There is a theorem in page 100 of Arnold's Mathematical Methods of Classical Mechanics, which says that:
If $\cfrac{dx}{dt} = f(x) = Ax + R_2(x)$, where $A = \cfrac{\partial f}{\partial x}|_{x = 0}$, $R_2(x) = O(x^2)$, and $\cfrac{dy}{dt} = Ay$, $y(0) = x(0)$, then for any $\vphantom{\cfrac12} T>0$ and for any $\xi > 0$ there exists $\delta > 0$ such that if $|x(0)| < \delta$, then $\vphantom{\cfrac12}|x(t) - y(t)| < \xi \delta$ for all $t$ in the interval $0 < t < T$.
How can I prove this theorem rigorously?
Cross-posted at physics.se here.
Lets assume that $R$ is smooth.

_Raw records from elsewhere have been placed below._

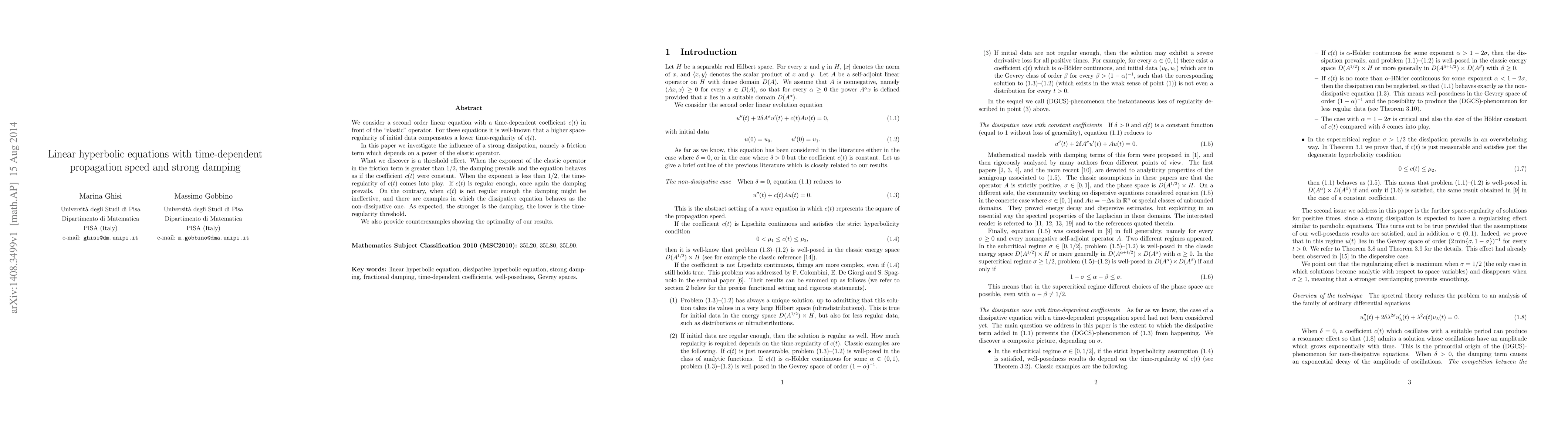 This paper examines a second-order linear hyperbolic equation with a time-dependent coefficient and strong damping, revealing a threshold effect based on the damping exponent. When the damping exponent exceeds 1/2, the equation behaves as if the coefficient were constant, while lower exponents highlight the role of the coefficient's regularity.
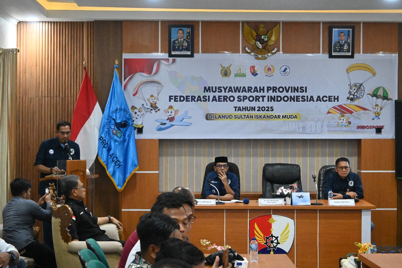posaceh.com, Kota Jantho – Federasi Aero Sport Indonesia (FASI) Provinsi Aceh menggelar Musyawarah Provinsi (Musprov) tahun 2025 sebagai momentum strategis untuk mengevaluasi kinerja organisasi dan menentukan arah baru bagi kemajuan olahraga dirgantara di Aceh, di Ruang Rapat Utama (Rupat) Markas Komando Lanud Sultan Iskandar Muda, Blang Bintang, Aceh Besar, Jumat (16/5/2025).
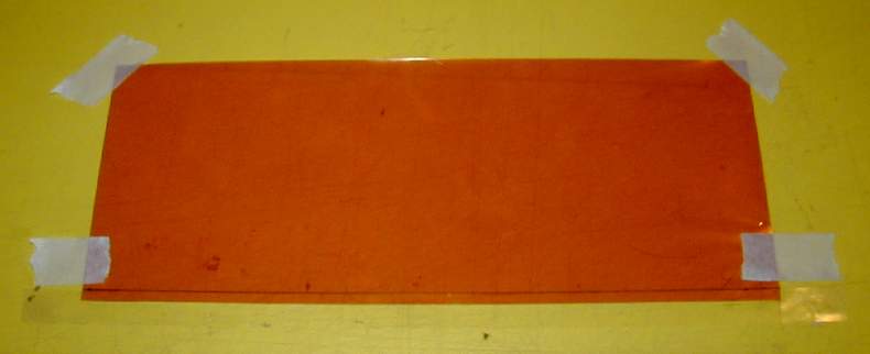 With the tape successfully applied, lay a straight edge or rulerdown across at the bottom edge where the Kapton sheet ends, to act asa guide for cutting the tape off flush with the end of the Kaptonsheet. After cutting the tape horizontally using the ruler, also maketwo vertical cuts at the left and right sides to trim off the rest ofthe tape along the 5/32" wide overlap area.
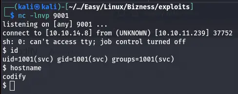 Et nous obtenons notre shell sur la cible :
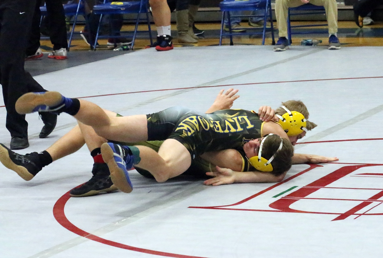 defeated Live Oak's Mason Middleton via an 18-2 technical fall (top).
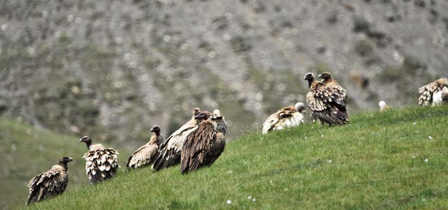 乌拉斯台一带的自然地理面貌,同我想象中的北塔山出奇的一致。这里的群山簇拥,绵延不绝,但是山与荒原互不纠缠,彼此相揖让,各自都以最荒蛮混沌的样貌横陈于苍天之下,万古寂然,而又肃穆庄严。所有的山都是焦黑色的,土壤附着非常浅薄,长不出树和灌木,只能长出一些稀疏的浅草,山石上结着焦黄色的痂,初以为是苔藓,实际上是大大的错觉,北塔山以干旱著称于世,即使在水草最丰沛的河谷地带,也难以见到苔类。这些焦黄的石斑,遍布于每座山上,加重了北塔山群山焦黑的底色,使之看上去更加苍凉,几近于狞厉。
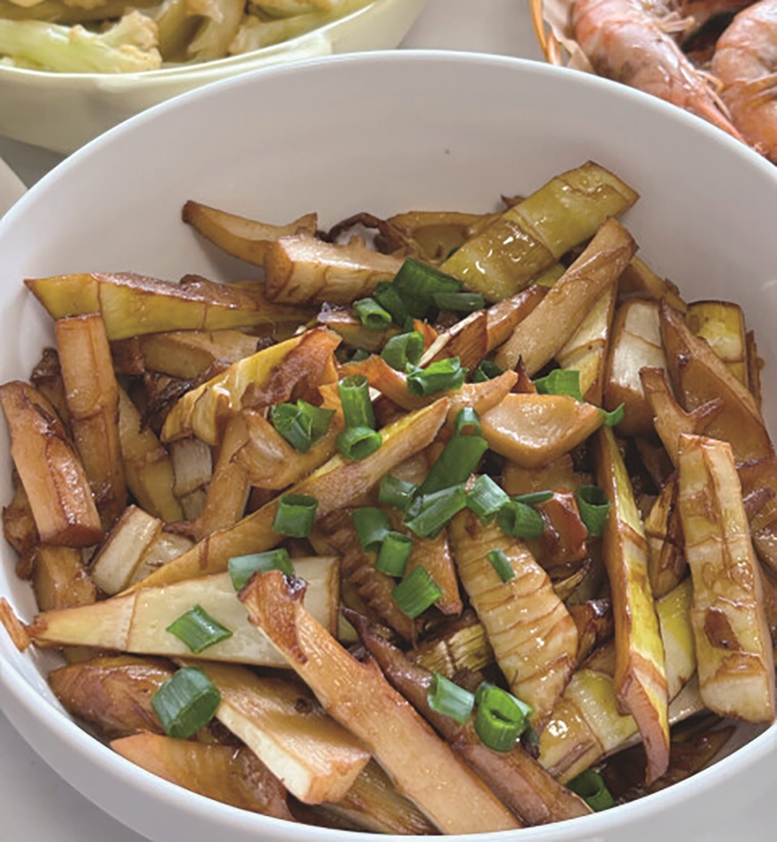 春笋要挑清明前后出土的,极嫩。将其从根部切开,再对半掰开,剥出完整的嫩笋。切块、焯水、放油,用冰糖炒出糖色,倒入笋翻炒,再加生抽、老抽、白糖和水焖煮。收汁后盛出,撒上香葱装饰一下。至此,一道色香味俱全的油焖笋就做好了。其色泽红亮、脆嫩爽口,咸鲜中带有甜味,伴着热气腾腾的锅气吃一口春笋,质地柔软,口感细腻,透过浓重的调料还能品尝到春笋自有的清新淡雅。搭配一碗大米饭,用勺子舀一点汤汁和上米饭,让每一粒米都包裹上浓郁的汤汁,吸满了油和调料的精华以及春笋的清香,一口接一口,根本停不下来。

Therefore if $|f|,|g| < M \le 1$, then $$ |R(f) - R(g)| \le C_1 M |f-g| .$$
Also define $$ C_2 = \sup_{0 \le t \le T} \|e^{tA}\| .$$
Define $$ B(\epsilon) = \{f(t) \in C([0,T]) : \|f\|_\infty \le \epsilon\} $$ $$ G_{x_0}:B(\epsilon) \to C([0,T]) $$ $$ G_{x_0}f(t) = e^{tA} x_0 + \int_0^t e^{(t-s)A} R(f(s)) \, ds $$ Then $$ \|G_{x_0}(f-g)\|_\infty \le T C_2 C_1\epsilon \|f-g\|_\infty $$ Hence there exists $\delta_1>0$ such that if $\epsilon<\delta_1$, then $G_{x_0}$ is a contraction mapping. Also $$ \|G_{x_0}(f)\|_\infty \le C_2 |x_0| + T C_2 C_1\epsilon^2 $$ Hence there exists a $\delta_2$ such that if $\epsilon, |x_0| < \delta_2$, then the range of $G_{x_0}$ is contained in $B(\epsilon)$.
Therefore if $\epsilon, |x_0| < \min\{\delta_1,\delta_2\}$, then $G$ has a fixed point. That will be the function $x(t)$.
Let $z = x-y$. Then $$ \frac{dz}{dt} = Az + R(x) .$$ $$ z(t) = \int_0^t e^{(t-s)A} R(x(s)) \, ds $$ Therefore $$ \|z\|_\infty \le C_2 C_1 \epsilon^2 .$$ Choose $\delta = \min\{\delta_1,\delta_2,\xi/(C_1 C_2)\}$.